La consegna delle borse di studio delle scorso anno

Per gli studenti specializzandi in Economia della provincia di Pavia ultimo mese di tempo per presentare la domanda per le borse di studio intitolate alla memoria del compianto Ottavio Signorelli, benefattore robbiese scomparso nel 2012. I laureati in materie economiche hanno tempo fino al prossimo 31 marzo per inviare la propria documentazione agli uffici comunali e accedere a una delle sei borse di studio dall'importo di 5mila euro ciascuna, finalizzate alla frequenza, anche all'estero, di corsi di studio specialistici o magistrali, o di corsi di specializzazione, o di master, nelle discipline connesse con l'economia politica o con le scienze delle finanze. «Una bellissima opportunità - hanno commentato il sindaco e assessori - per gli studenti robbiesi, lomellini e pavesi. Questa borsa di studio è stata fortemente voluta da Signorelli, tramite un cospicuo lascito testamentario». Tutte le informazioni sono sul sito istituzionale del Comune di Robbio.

---

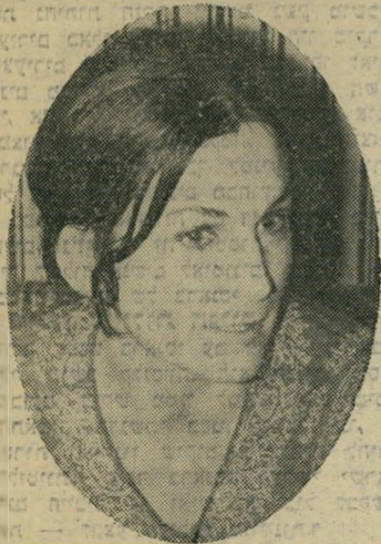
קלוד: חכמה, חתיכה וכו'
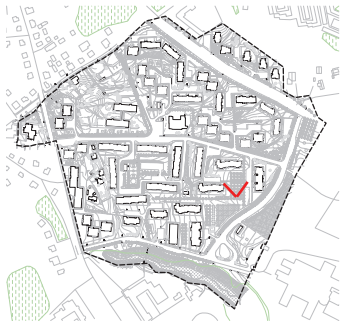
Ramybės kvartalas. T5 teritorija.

==

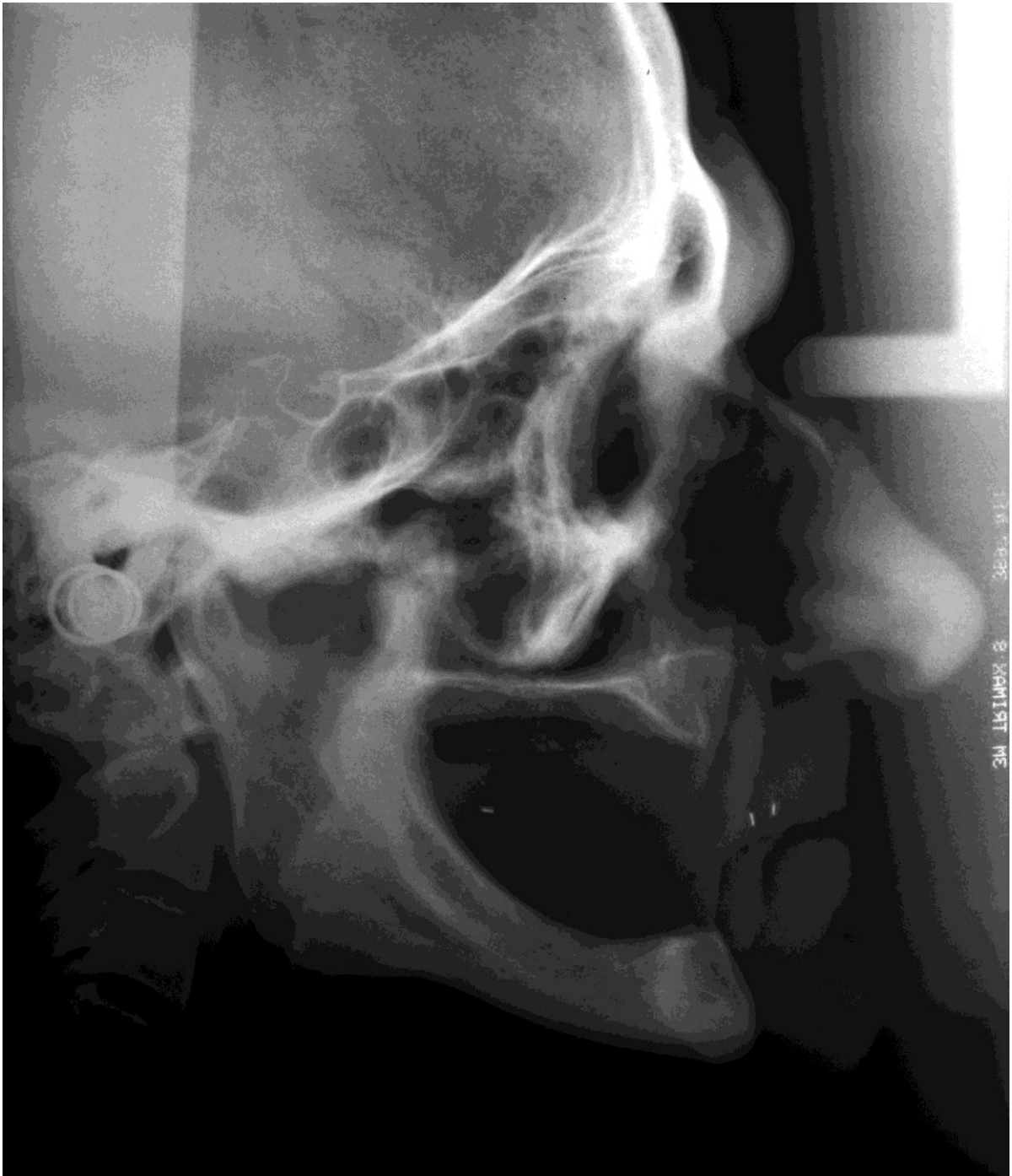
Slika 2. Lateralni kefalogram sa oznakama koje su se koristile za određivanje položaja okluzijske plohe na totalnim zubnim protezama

### Exercise brief:
Compute the number of lines in the entries above that hold the word "borse"; the answer must contain nothing else.

### Solution:
2